Local kind reproduction
The kubernetes job can be reproduced on any machine with Docker and mise install-provided kubectl + helm:
kind create cluster --name release-canary-local
helm install openshell oci://ghcr.io/nvidia/openshell/helm-chart \
--version 0.0.0-dev \
--namespace openshell --create-namespace \
--set server.disableTls=true \
--wait --timeout 5m
kubectl wait --namespace openshell \
--for=condition=Ready pod \
--selector="app.kubernetes.io/name=openshell,app.kubernetes.io/instance=openshell" \
--timeout=300s
kubectl port-forward --namespace openshell svc/openshell 8080:8080 &
openshell gateway add http://127.0.0.1:8080 --local --name kind
openshell status
Keep pkiInitJob.enabled=true (the chart default), even when
server.disableTls=true. The hook also generates the sandbox JWT signing
secret that the gateway pod always mounts.

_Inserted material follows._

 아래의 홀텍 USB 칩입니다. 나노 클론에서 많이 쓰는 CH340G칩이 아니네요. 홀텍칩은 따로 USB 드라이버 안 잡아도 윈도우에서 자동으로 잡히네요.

Swap 0.0.0-dev for 0.0.0-dev.<sha> to pin to a specific dev build. Tear down with kind delete cluster --name release-canary-local.
Loopback registration auto-derives the gateway name to openshell if --name is omitted, which collides with the install.sh-installed local gateway — always pass --name kind (or another distinct name) when registering in addition to a local install.
Diagnosing failures
| Symptom | Likely cause | Where to look |
|---|
macos/ubuntu/fedora job fails on install.sh | Latest tagged release missing an asset, checksum mismatch, or install.sh regression on this branch. | Job log around the curl … install.sh | sh step. |
macos/ubuntu/fedora job fails on openshell status | Local gateway service did not start (systemd/brew/podman). Often a driver issue. | Service logs in the job log; OPENSHELL_DRIVERS env in the "Ensure …" step. |
kubernetes job fails on helm install --wait | Chart did not deploy in 5 min — usually image pull failure or readiness probe failing. | "Diagnostics on failure" step dumps helm status, manifest, pod describe, pod logs. |
kubernetes job fails on kubectl wait | Gateway pod stuck CrashLoopBackOff or ImagePullBackOff. | Diagnostics dump; check :dev image existence at ghcr.io/nvidia/openshell/gateway. |
kubernetes job fails on openshell gateway add or status | Port-forward not reachable, or CLI/gateway proto mismatch. | port-forward.log and openshell gateway list in the diagnostics dump. |
The kubernetes job's diagnostics step (only runs if: failure()) emits, in order: helm status, rendered manifest, kubectl get all, pod descriptions, pod logs (200 lines per container), port-forward log, gateway list, CLI version. Read it top-to-bottom — most failures fall out by the manifest or pod logs.
Related
helm-dev-environment skill — local k3d-based dev environment (more featureful than the canary's kind cluster, but uses Skaffold-built local images, not published artifacts).
watch-github-actions skill — generic gh run workflow monitoring.
debug-openshell-cluster skill — runtime gateway/sandbox diagnostics that pair with the kind job's diagnostics dump.